• [Working data]
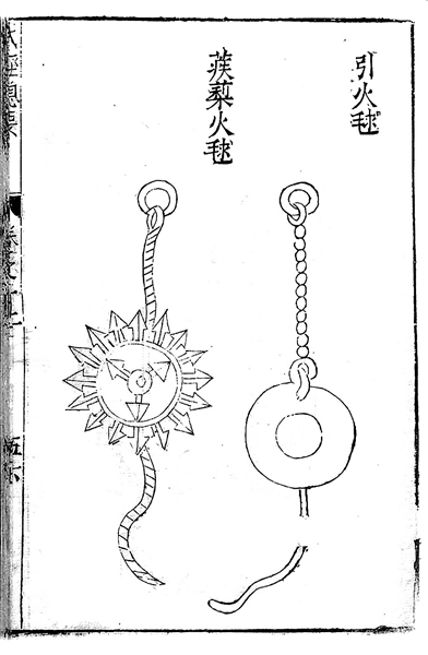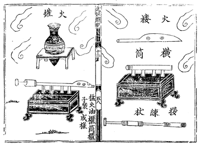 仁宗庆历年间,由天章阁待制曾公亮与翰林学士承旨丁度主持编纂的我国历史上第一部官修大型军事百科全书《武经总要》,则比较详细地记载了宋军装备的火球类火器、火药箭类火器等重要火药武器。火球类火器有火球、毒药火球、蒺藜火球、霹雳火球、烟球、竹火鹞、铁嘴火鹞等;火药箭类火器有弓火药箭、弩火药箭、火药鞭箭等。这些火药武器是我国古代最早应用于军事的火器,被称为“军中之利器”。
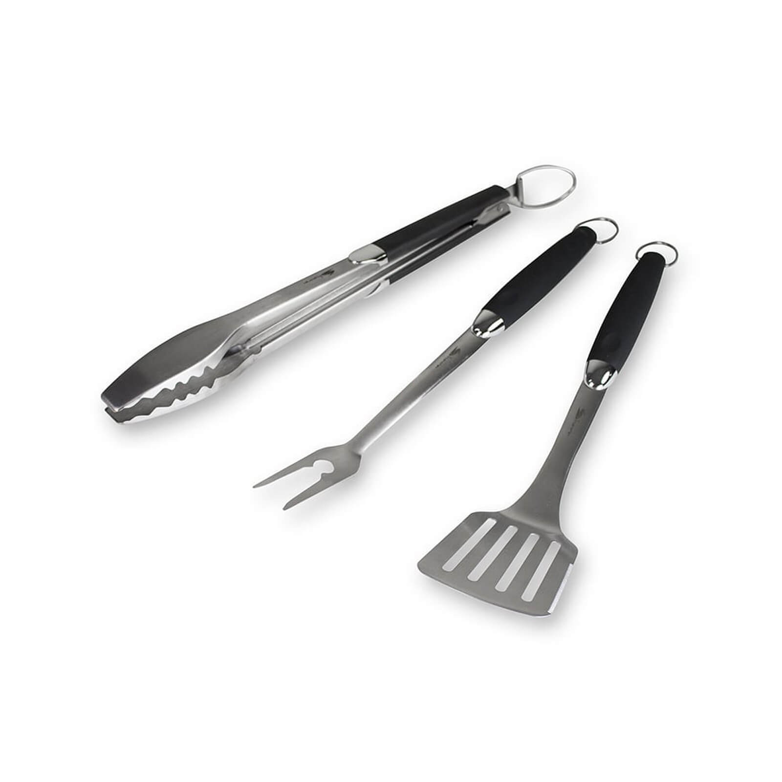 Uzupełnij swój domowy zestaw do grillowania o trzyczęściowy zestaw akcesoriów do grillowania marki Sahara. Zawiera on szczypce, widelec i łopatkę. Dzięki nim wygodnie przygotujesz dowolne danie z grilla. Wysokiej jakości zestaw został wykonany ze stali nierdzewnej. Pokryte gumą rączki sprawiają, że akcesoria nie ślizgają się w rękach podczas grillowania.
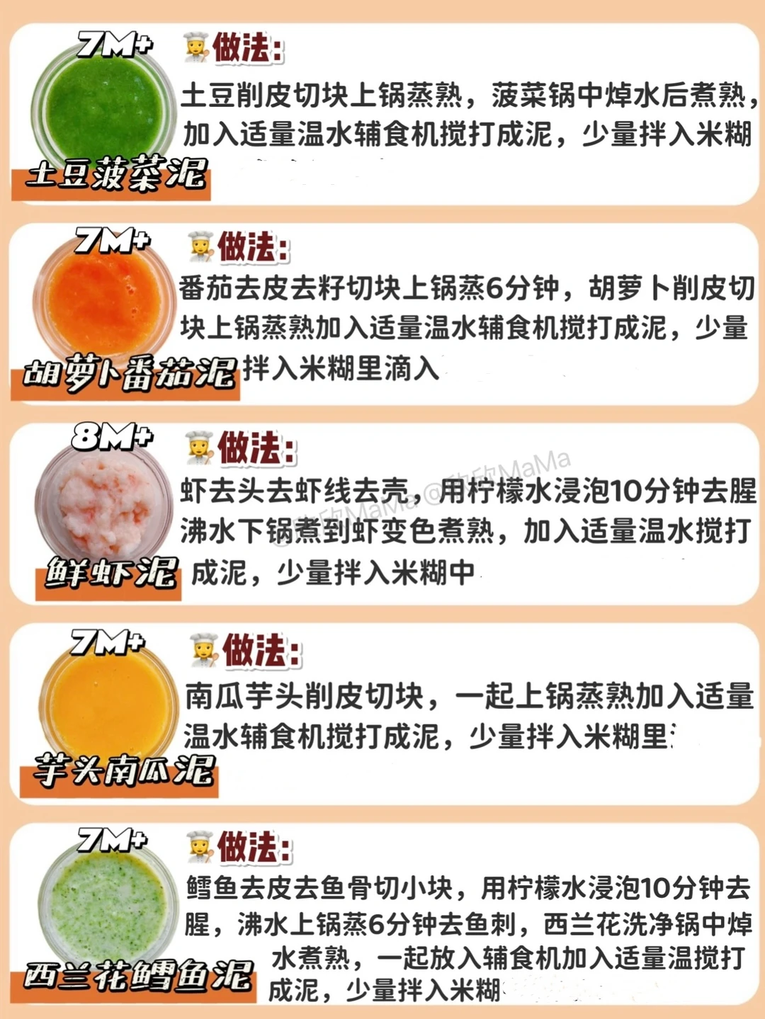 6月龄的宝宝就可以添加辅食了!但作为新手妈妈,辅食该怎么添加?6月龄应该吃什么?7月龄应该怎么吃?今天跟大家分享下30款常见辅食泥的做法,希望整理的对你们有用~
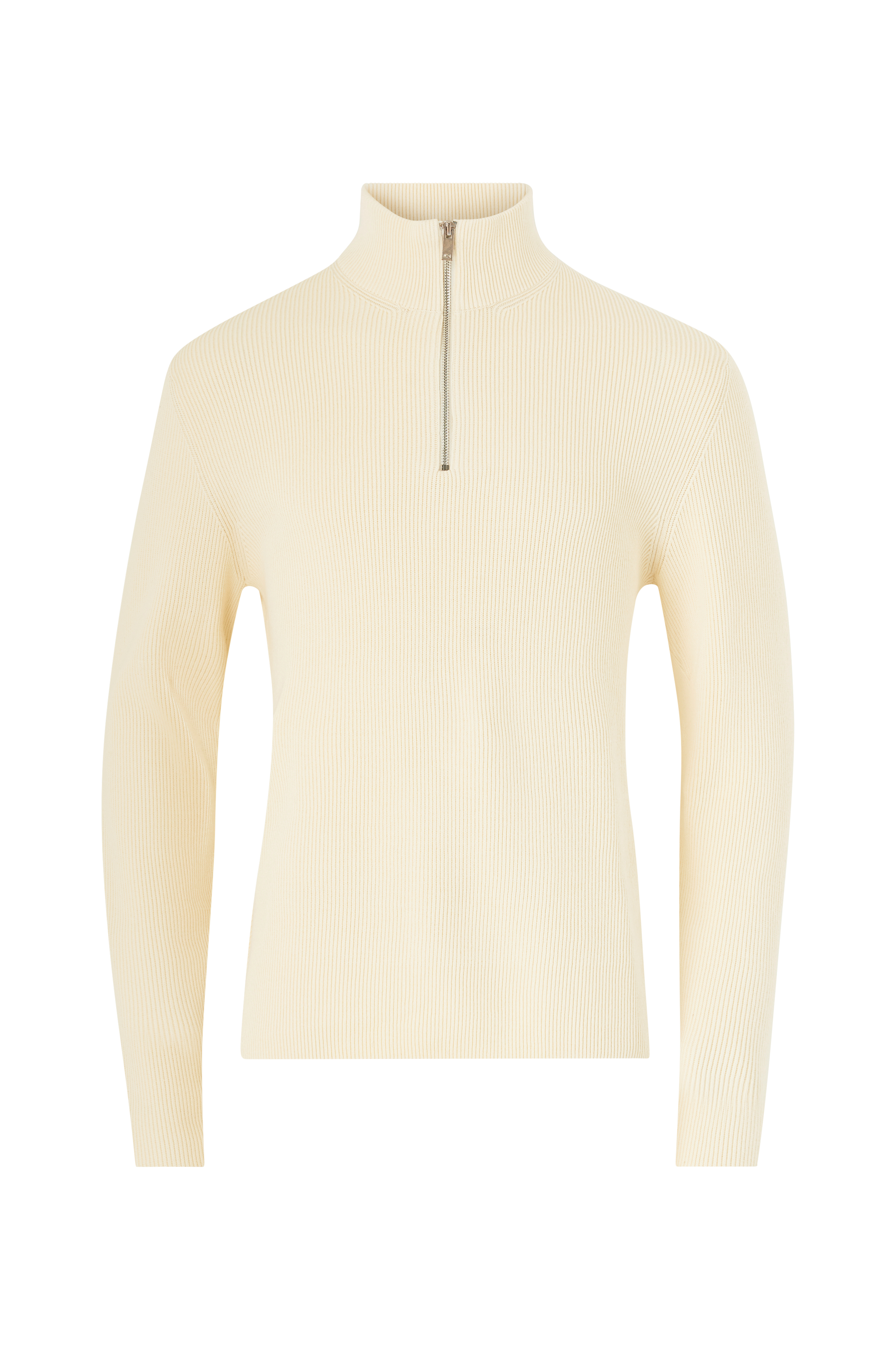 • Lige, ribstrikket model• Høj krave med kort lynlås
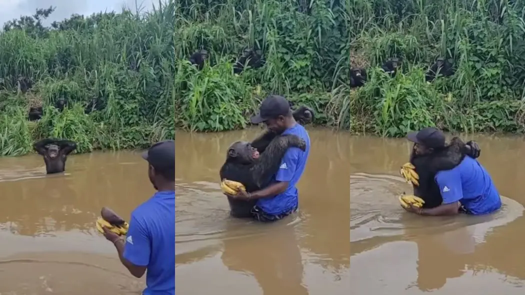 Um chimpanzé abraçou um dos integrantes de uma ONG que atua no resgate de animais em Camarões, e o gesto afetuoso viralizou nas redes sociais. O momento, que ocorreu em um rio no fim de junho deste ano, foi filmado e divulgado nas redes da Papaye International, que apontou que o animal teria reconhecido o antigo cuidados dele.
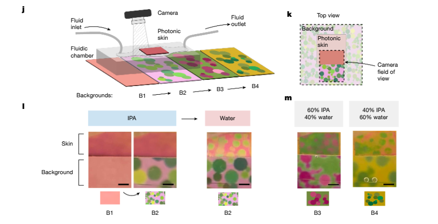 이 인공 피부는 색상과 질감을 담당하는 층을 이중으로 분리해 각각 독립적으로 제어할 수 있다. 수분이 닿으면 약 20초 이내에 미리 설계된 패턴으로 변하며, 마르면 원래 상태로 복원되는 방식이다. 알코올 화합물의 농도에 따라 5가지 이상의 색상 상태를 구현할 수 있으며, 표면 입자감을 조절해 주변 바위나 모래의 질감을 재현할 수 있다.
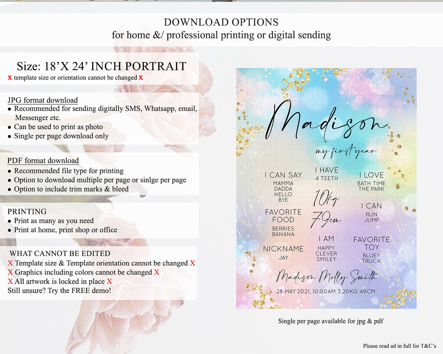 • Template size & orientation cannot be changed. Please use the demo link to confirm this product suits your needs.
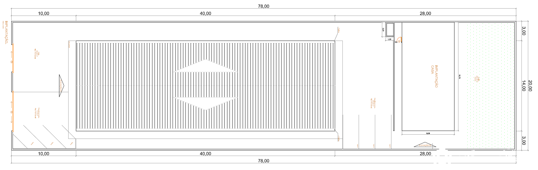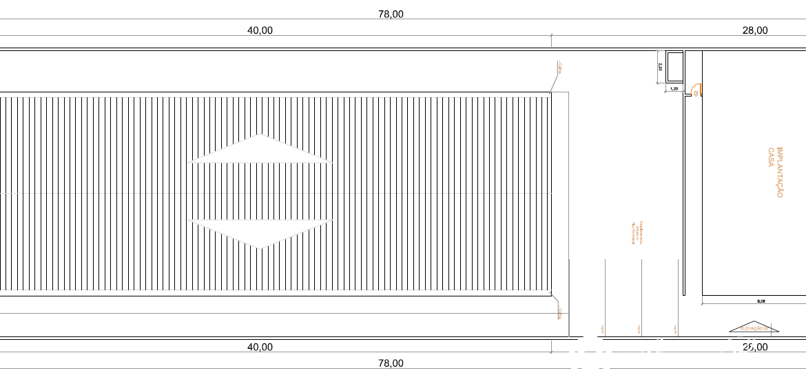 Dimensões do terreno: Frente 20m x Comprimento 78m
* * *
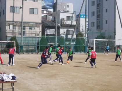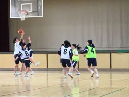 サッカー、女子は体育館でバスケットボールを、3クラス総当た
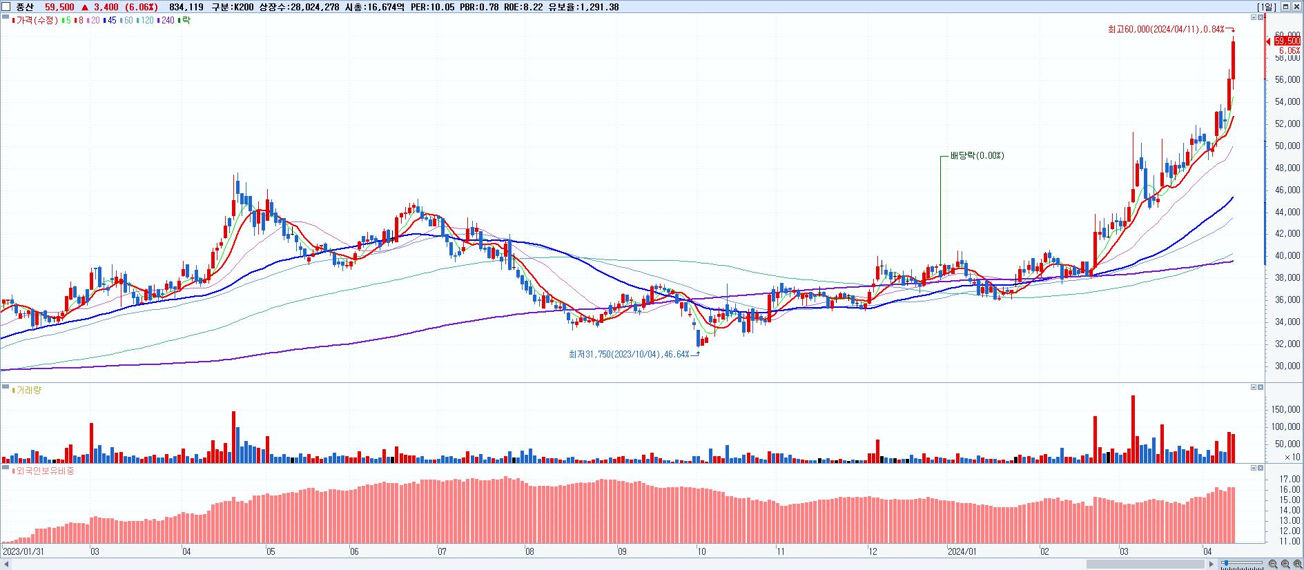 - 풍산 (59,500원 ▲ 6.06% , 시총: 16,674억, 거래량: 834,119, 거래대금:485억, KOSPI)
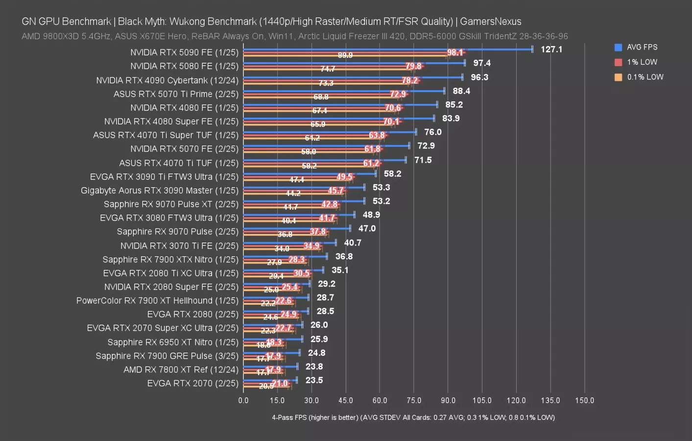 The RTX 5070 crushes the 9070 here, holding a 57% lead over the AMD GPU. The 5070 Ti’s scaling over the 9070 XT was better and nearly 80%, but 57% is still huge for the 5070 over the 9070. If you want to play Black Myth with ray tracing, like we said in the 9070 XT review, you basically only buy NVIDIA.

• [What this task involves]
Among the entries above, take the lines from the one with "サッカー、女子は体育館でバスケットボールを、3クラス総当た" through the one with "- 풍산 (59,500원" and retype them exactly, leaving out the pictures.

• [Solution for this problem]
 サッカー、女子は体育館でバスケットボールを、3クラス総当た
 - 풍산 (59,500원 ▲ 6.06% , 시총: 16,674억, 거래량: 834,119, 거래대금:485억, KOSPI)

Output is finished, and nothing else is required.